True, but what about reversing the equation? Does understanding the role of evidence in development also require a careful and rigorous understanding of power and politics? They never fully address that crucial point, which is at the heart of Roche and Eyben’s critique.

correlation v causation cartoonBoth sides (rather oddly, as acknowledged experts in their fields) decried the role of experts. Whitty and Dercon called for ‘moving from expert (i.e. opinion-based, seniority-based and anecdote-based) to evidence-based policy’. Ah, turns out that what is actually being suggested is a move from one kind of expert (practitioners) to another (evidence/evaluation).

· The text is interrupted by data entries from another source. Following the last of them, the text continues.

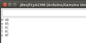次に、シリアルポートから文字を1バイト毎に入力して、それをASCIIコードに変換してシリアルポートに出力するサンプルコード以下に記述する。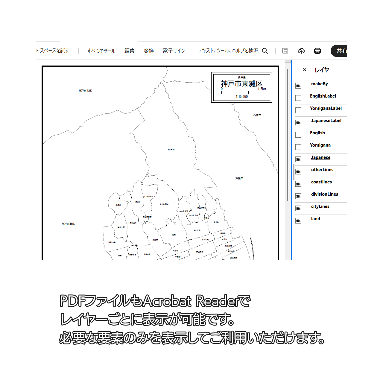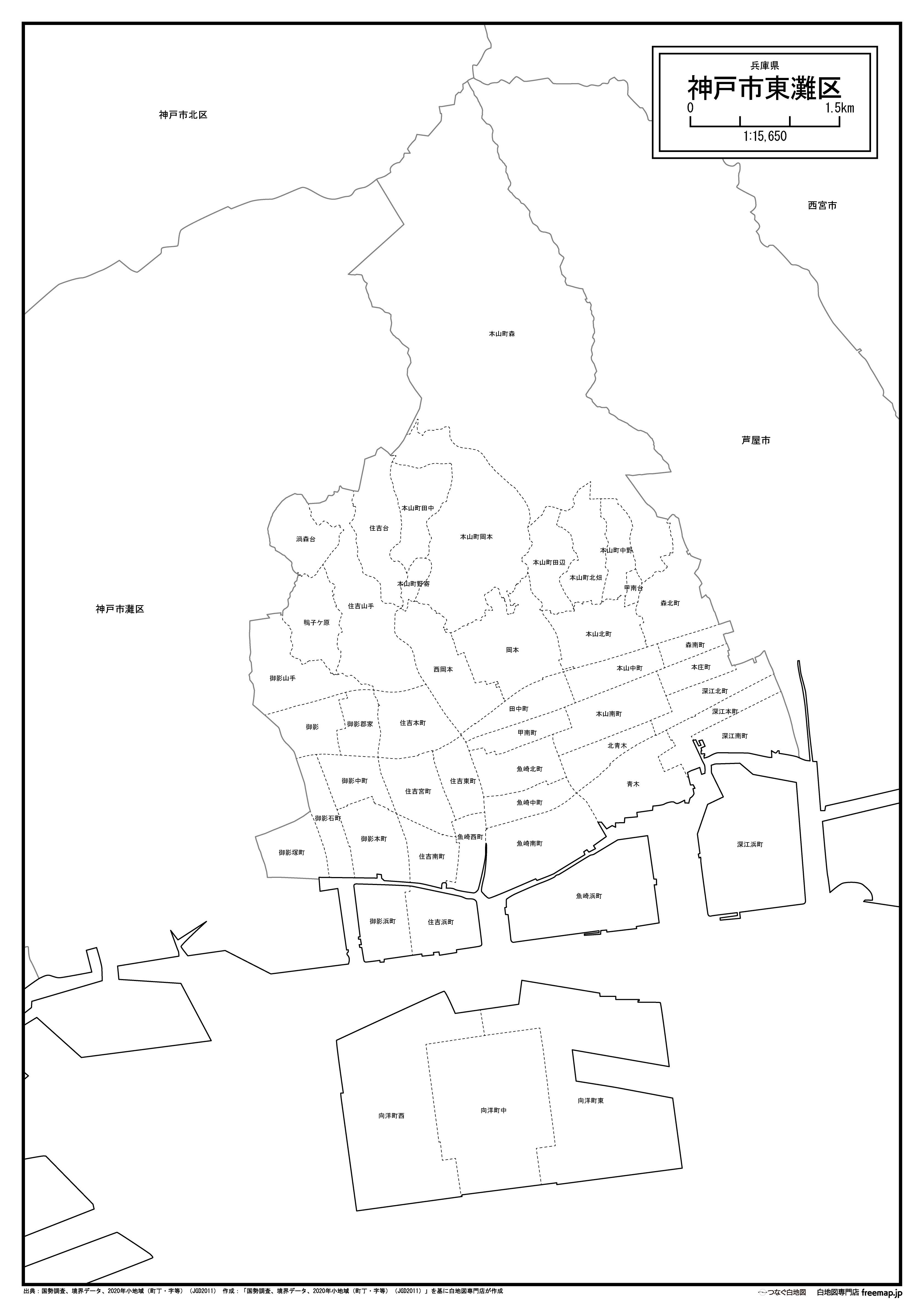 神戸市東灘区:大字・町名も記載の地図データ(PDF・Aiファイル)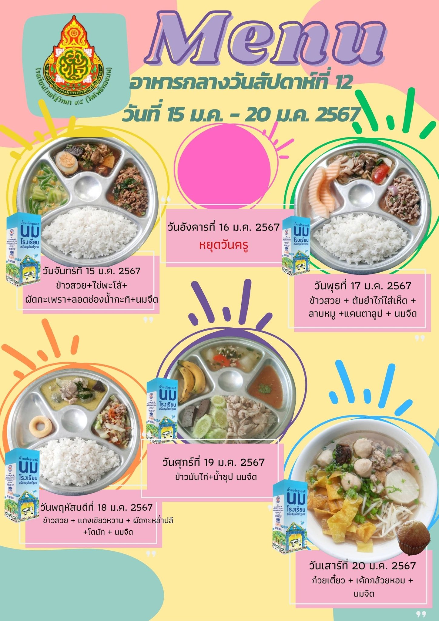 รายการอาหารกลางวัน สัปดาห์ที่ 12 วันที่ 15-20 มกราคม 2567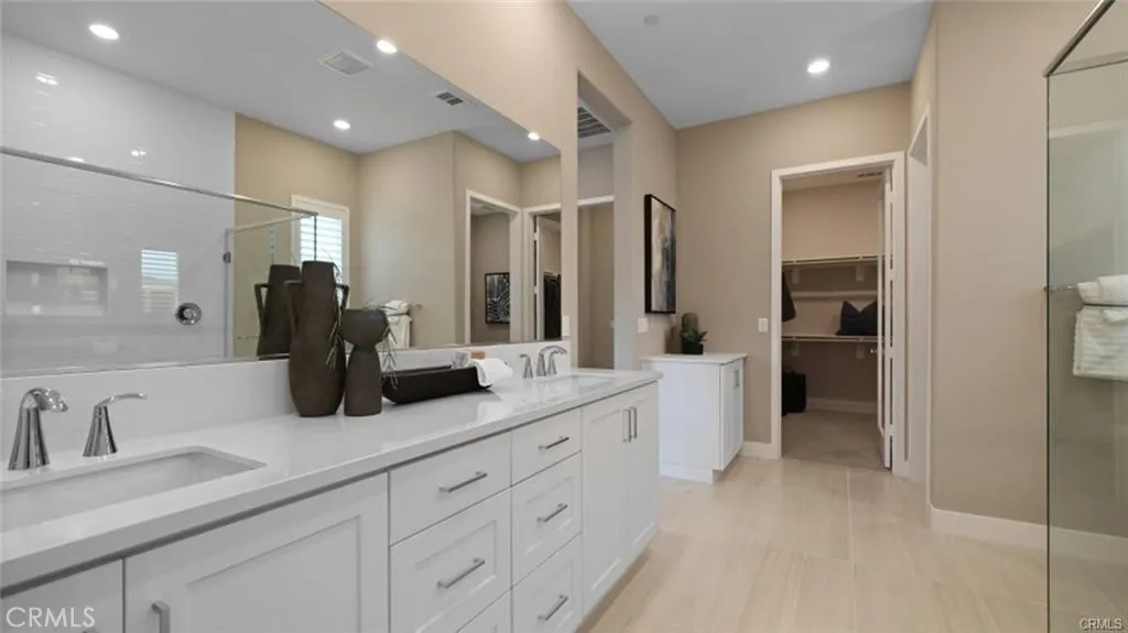 Beautiful Former Model Home in Prestigious 55+ Community in Tesoro Highlands!, 3 Bedroom plus Office, 4 Baths. This beautifully upgraded residence showcases exceptional craftsmanship and designer finishes from top to bottom. Featuring three spacious bedrooms, each with its own en-suite bathroom, walk-in closet, plus an additional guest bath, this home offers both comfort and privacy. Here is an exceptional opportunity to acquire stunning, professionally curated furnishings. All furnishings are available for purchase as a complete package and may be negotiated separately. Enjoy a custom office with built-in cabinetry, a chef-inspired upgraded kitchen with premium appliances including granite countertops, self closing cabinets and drawers, and a separate laundry room for added convenience. The garage is enhanced with custom cabinetry, while professionally designed landscaping graces both the front and backyard. Additional highlights include paid-off solar, tankless waterheater, extended sliding glass doors for seamless indoor-outdoor living, upgraded flooring and baseboards, and countless thoughtful upgrades throughout. Tons of Acitivities including a golfer's dream to have an amazing putting greens, Swimming pool, spa, gym, tennis, pickleball, several putting greens, walking trails, dog park, etc. Tons of Community events from Tai Chi, Craft & Chat, walking group, Game Night, and a wine stroll, beer tasting, pot luck dinners, Plus so much more! This exceptional home is truly move-in ready—don’t miss your opportunity. It won’t last!

As a non number-cruncher I also took exception to their apparent belief that only those who understand the methodological intricacies of different evaluation techniques are eligible to pass judgement. On that basis politicians would be out of a job, and only rocket scientists would get to pronounce on Trident.

There was also a really confusing exchange on the hierarchy of evidence. Whitty and Dercon show a surprising (to me at least) commitment to multi-disciplinarity: ‘Methods from all disciplines, qualitative and quantitative, are needed, with the mix depending on the context….. it is not a matter of just RCTs, but of rigour, and of combining appropriate methods, including more qualitative and political economy analysis.’

Music to the ears of the critics, but is it actually, you know, true? Everything I hear from evaluation bods is that DFID does actually see RCTs as the gold standard, and other forms of evidence as inferior. Roche and Eyben returned to the attack on this in their response, arguing that what Whitty and Dercon call the ‘evidence-barren areas in development’ are only barren if you discount sociology and anthropology, among others, as credible sources of evidence. By the way, Ed Carr has a brilliant new post on the (closely linked) clash between quants and quals, arguing that while quants can establish causation, only quals can explain how that causation occurs.

But the exchange did provide me with one important (I think) lightbulb moment. It was about failure. Whitty and Dercon were particularly convincing on this: the evidence agenda ‘involves stopping doing things which the expert consensus agreed should work, but which when tested do not’. This is a nice Popperian twist – the role of evidence is not to prove that things work, but to prove they don’t, forcing us to challenge received wisdom and standard approaches. This is indeed what I noticed about Oxfam’s recent ‘effectiveness reviews’ – if you find no or negative impact, then you (rightly) start to re-examine all your assumptions. But if this is the proper role for the evidence agenda, is it politically possible? By coincidence I have just read Ed Carr’s forceful critique of Bill Gates’ approach to evaluation, arguing that failure is often airbrushed out in order to safeguard funding and credibility. That seems a pretty fundamental contradiction.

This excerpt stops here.